Bernie is back, with a new vision for America

Rep. Alexandria Ocasio-Cortez endorsed Democratic presidential candidate Sen. Bernie Sanders at a rally on Saturday, Oct. 19, 2019 in New York.

Bernie Sanders vowed that he’s “more ready than ever” to fight for a political revolution — with a little help from Oscar-winning filmmaker Michael Moore and Rep. Alexandria Ocasio-Cortez — at a rally Saturday that drew thousands to a New York City park.

“To put it bluntly, I am back,” Sanders declared at his first rally since suffering a mild heart attack. “We need a new vision for America.”

“I am happy to report to you that I am more than ready, more ready than ever to carry on with you the epic struggle that we have today,” Sanders, who came onstage to AC/DC’s “Back in Black,” said. “I am more than ready to assume the office of President of the United States. I am more than ready to take on the greed and corruption of the corporate elites and their apologists … To put it bluntly, I am back.”

Ocasio-Cortez said her decision to endorse him was driven by a “moment of clarity.”

Oscar-winning filmmaker Michael Moore announced his support for Sanders, saying the Vermont senator can “crush” President Trump at the polls as he joined the freshman Congresswoman at the “Bernie Is Back!” rally in Queensbridge Park.

“It wasn’t until I heard of a man by the name of Bernie Sanders that I began to question and assert and recognize my inherent value as a human being who deserves health care, housing, education and a living wage,” Ocasio-Cortez said, as she traced her trailblazing path from “sexually harassed waitress” across the river, in downtown Manhattan, to the halls of the United States Congress.

Ocasio-Cortez pointed to the Ravenswood Generating Station smokestacks, which she called “ground zero” in the fight for “environmental justice” and, with the Queensbridge Houses, the largest public housing development of its kind in America.

The proximity of the plant to the apartment buildings, Sanders said later, was an example of the “environmental racism” his Green New Deal is designed to combat.

Moore told the crowd that age and health are not factors for Sanders (I-VT). Instead, the Sicko director blamed political pundits and the media for making the 78-year-old politician’s age an issue by recycling tired “tropes.”

“They are doing everything they can to throw everything they can come up with, to get people to think differently about Bernie,” Moore told the massive crowd. “So what do they say? Bernie’s too old.”
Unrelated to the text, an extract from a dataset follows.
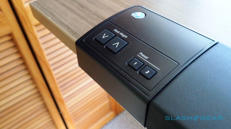 In the case of the $1,749 TR1200-DT7 specifically, the desk is a power height-adjustable model that can motor up and down between 27.5-inches and 50.5-inches. It stands on two silver-finish legs, and controls on the left side handle height and two memory presets: press them, and then desk shuttles up or down to suit.

“Yeah. Well, here’s what’s too old,” he continued. “The electoral college is too old. That’s what’s too old. A $7.25 minimum wage, that’s too old. Women not being paid the same as men, that’s too old. Thousands and thousands of dollars of student debt. What is that? Too old.”

“It’s actually a gift that we have a 78-year-old American running for president of the United States,” the left-leaning director stated. “Bernie has seen the things many of us have never seen — a pay raise! How about that?”

After the crowd erupted in laughter, Moore added, “A 78-year-old knows what a pension is. Remember that? Look it up. A 78-year-old knows what it looks like to defeat fascism and white supremacy.”

The endorsement underscored the argument that Sanders is uniquely positioned to forge, the multiracial working class coalition Democrats need to win.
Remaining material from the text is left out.